*** Recorded information ***

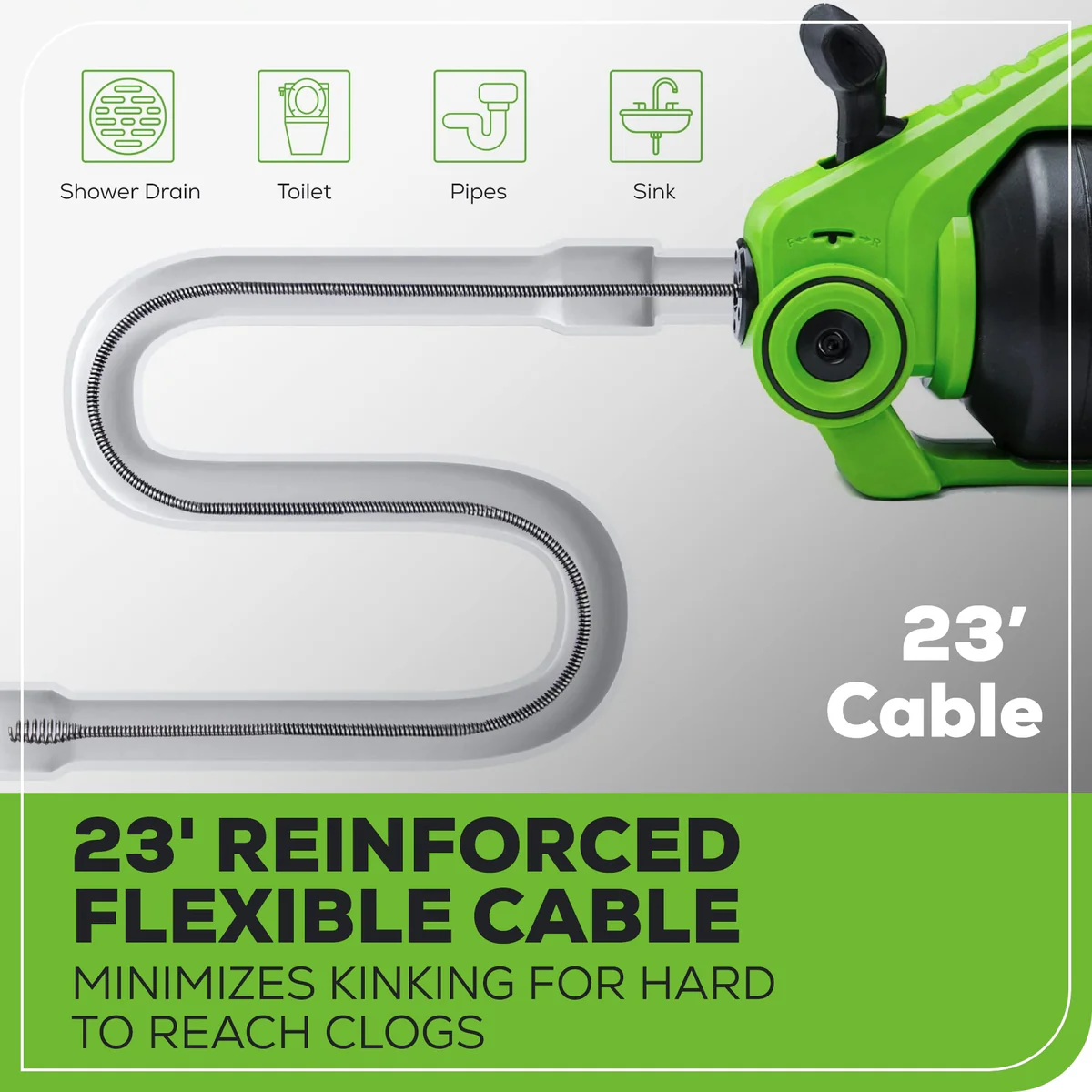 - Extended Reach Cable – 23 ft. reinforced cable designed to tackle deep and hard-to-reach blockages
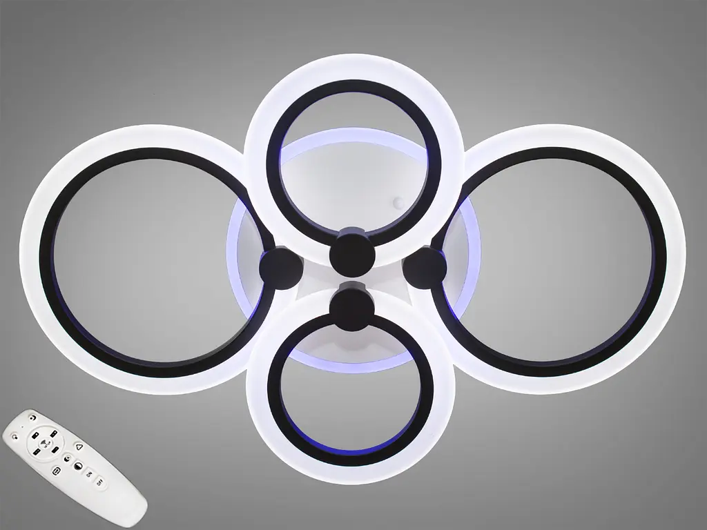Ця дизайнерська пристельова LED-люстра на пульті з діммером і підсвічуванням є чудовим прикладом мистецтва, втіленого в освітлювальній техніці. За допомогою своєї 80-ватної потужності і круглих акрилових розсіювачів в вигляді кілець різної величини, ця люстра м'яко балує приміщення рівномірним світлом, створюючи спокійний і заспокійливий простір, ідеальний для кімнат, де діти вчаться, грають або відпочивають.
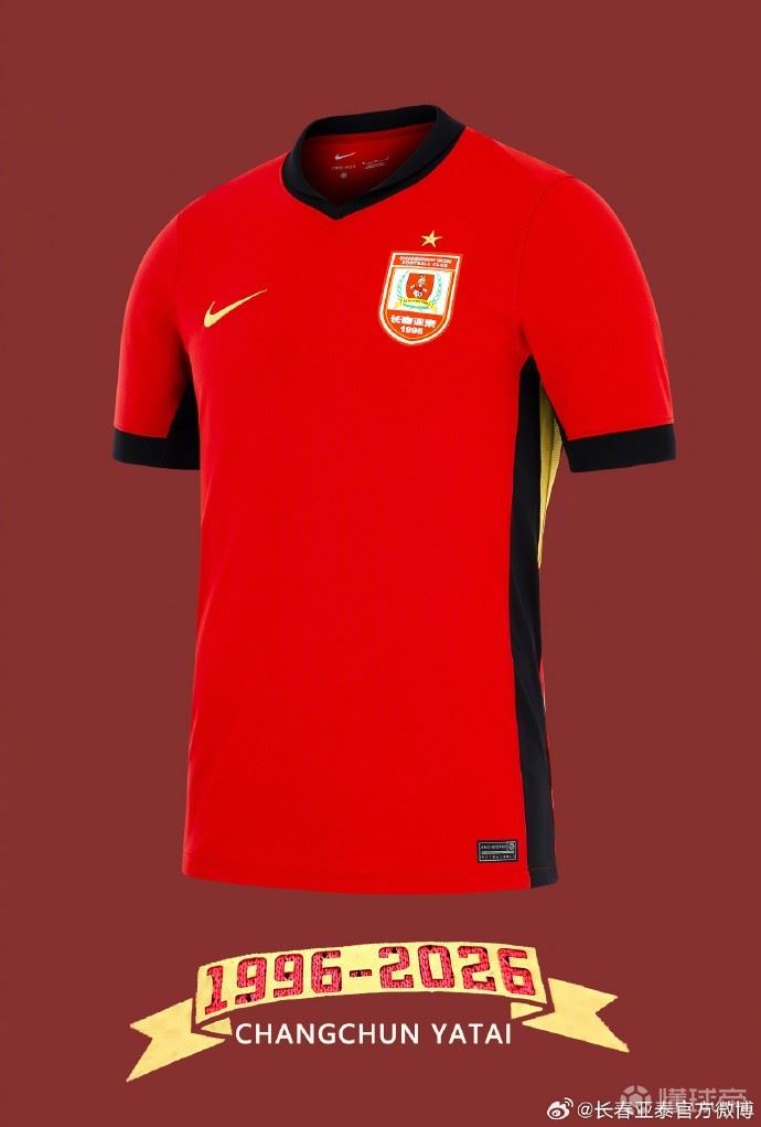 亚泰2026赛季主场球衣:致敬俱乐部成立30周年,融入金色点缀
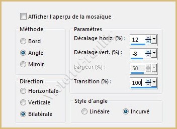 2 - Effets/Effets d'image/Mosaïque sans jointure réglages suivants:

*** End of Recorded information ***

*Work to be completed*: Exactly as written, copy out the listing, but without any pictures.

*Answer area*:
 - Extended Reach Cable – 23 ft. reinforced cable designed to tackle deep and hard-to-reach blockages
Ця дизайнерська пристельова LED-люстра на пульті з діммером і підсвічуванням є чудовим прикладом мистецтва, втіленого в освітлювальній техніці. За допомогою своєї 80-ватної потужності і круглих акрилових розсіювачів в вигляді кілець різної величини, ця люстра м'яко балує приміщення рівномірним світлом, створюючи спокійний і заспокійливий простір, ідеальний для кімнат, де діти вчаться, грають або відпочивають.
 亚泰2026赛季主场球衣:致敬俱乐部成立30周年,融入金色点缀
 2 - Effets/Effets d'image/Mosaïque sans jointure réglages suivants:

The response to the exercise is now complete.